Your education focuses on anatomy, mathematics, chemistry, biology, and physics. Social sciences, humanities, and psychology are also important components to your education in the medical field. This extensive education requirement is the reason many medical school graduates are left with student loan debt after graduation.
After completing a residency and passing a licensure exam, some GPs may move on to become board certified. To qualify for certification with the American Board of Family Medicine (ABFM) or the American Board of Internal Medicine (ABIM), GPs must complete an additional three years of training and pass a written exam. To keep their certification active, they’re required to participate in about 50 hours of continuing medical education programs per year and pass a written exam in their specialty.
General Practitioner Job Outlook
Most general practitioners work in physician offices, while some work in medical or surgical hospitals. You can also find GPs in outpatient care centers, universities, or working for state governments.

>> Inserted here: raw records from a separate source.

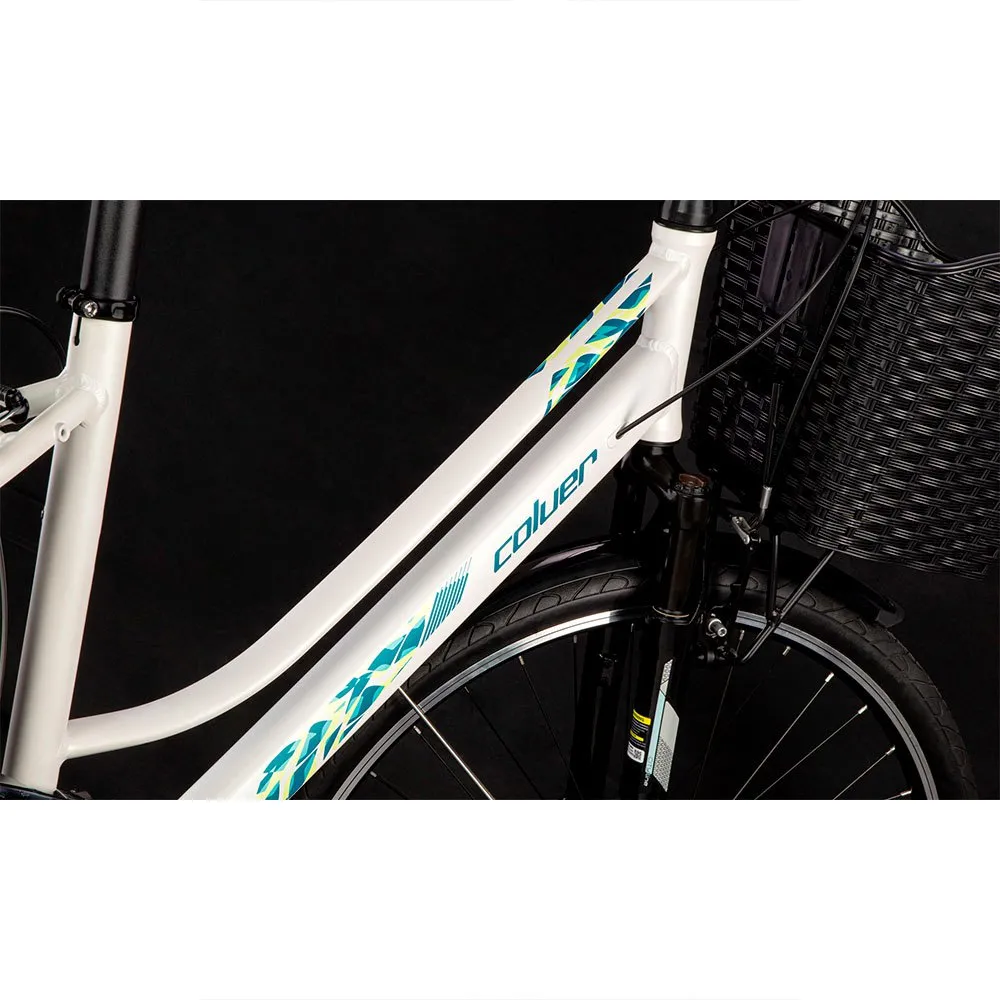 Frame: aluminium, city confort geometry, 1-1/8 semi-integrated headset, internal cable routing and replaceable hanger
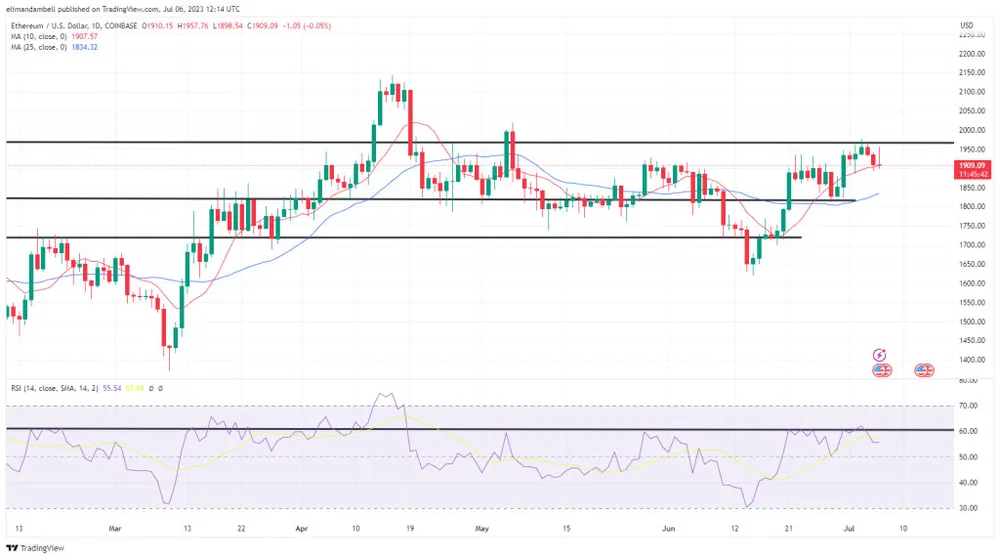 Nếu RSI chạm xuống điểm này, rất có thể ETH sẽ được giao dịch dưới mức 1.890 USD.
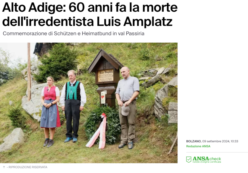 „Dankenswerter Weise berichtete die Agentur über die Gedenkveranstaltung der Südtiroler Schützen und des Heimatbundes anlässlich des 60. Todestages des im Auftrag der italienischen Behörden heimtückisch ermordeten Südtiroler Freiheitskämpfers Luis Amplatz (UT24 berichtete)“, so der Südtiroler Heimatbund in einer Aussendung.Â
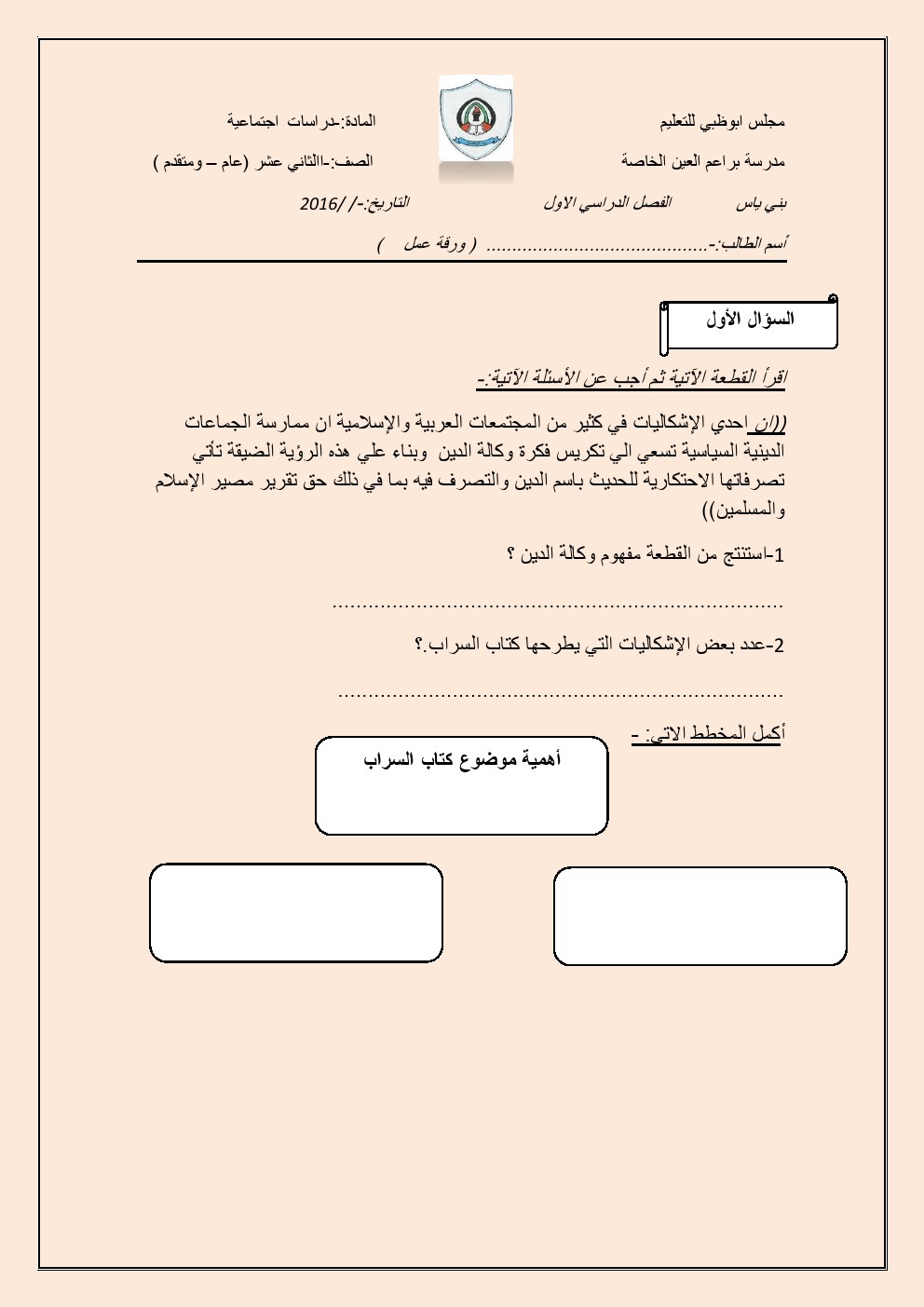 الصف الثاني عشر, الفصل الأول, اجتماعيات- أوراق عمل 2016-2017
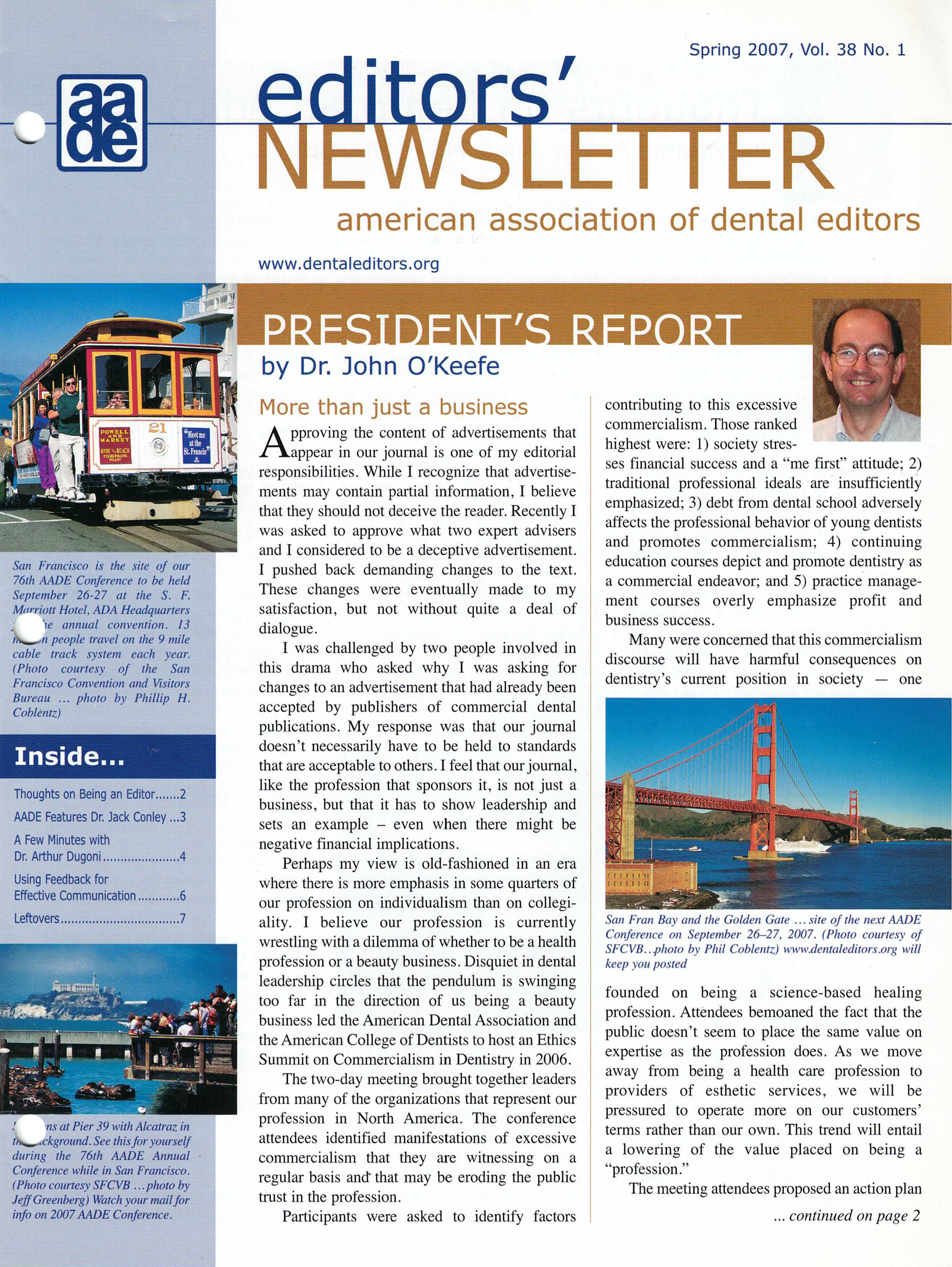 The Communicator is the official journal of the American Association of Dental Editors and Journalists (AADEJ). It is published quarterly, distributed digitally via email to members, and posted on the Association's website, AADEJ.org. Each issue includes regular updates from the editorial team and AADEJ board, as well as feature articles on current issues in the field.

According to the Bureau of Labor Statistics, overall employment for physicians and GPs is expected to grow at 7% from 2018 to 2028. This is a bit faster than average when compared to other occupational fields. As the population ages, it begins to see more disease and other age-related ailments. Preventative medical treatments also become more important for the older population. This aging population begins to seek more medical treatment and health prevention screenings, which explains why the demand for employment in the medical industry is expected to increase.
Technological advancements in the medical field don’t seem to threaten the job outlook for GPs. However, medical professionals are expected to continue advancing their education so they can learn how to use this new equipment. Health insurance costs and responsibilities can affect when and how people seek medical treatment. Changes to the health insurance market and coverage costs in the future is an important factor in the job outlook and demand for GPs.
Should I Become a General Practitioner?
Becoming a GP is a great career option for those dedicated to the field of medicine. It’s a high-paying career that can help you pay off student loan debt if you didn’t qualify for federal financial aid. However, it’s important to focus on other characteristics of the career besides the salary when deciding if it’s the right job for you.
To become a general practitioner, you must have the time and dedication to complete medical school. It’s also important to feel a passion and commitment to learning about advancements in the medical industry and improving your skills. Learning from others in the profession is paramount to being a good GP.
Excellent social skills are also crucial in this role, not only because you’re responsible for interacting with patients but also because you’ll be dealing with other doctors and medical facility staff members. You must work together with a medical professional team to efficiently and effectively treat patients and grow your practice.
A job as a general practitioner is rewarding since you’re helping people stay healthy and vibrant. While it’s a high-paying job, it’s important to review the demanding educational requirements, potentially grueling work schedule, and important skills needed to succeed in this position before you choose it as your career path.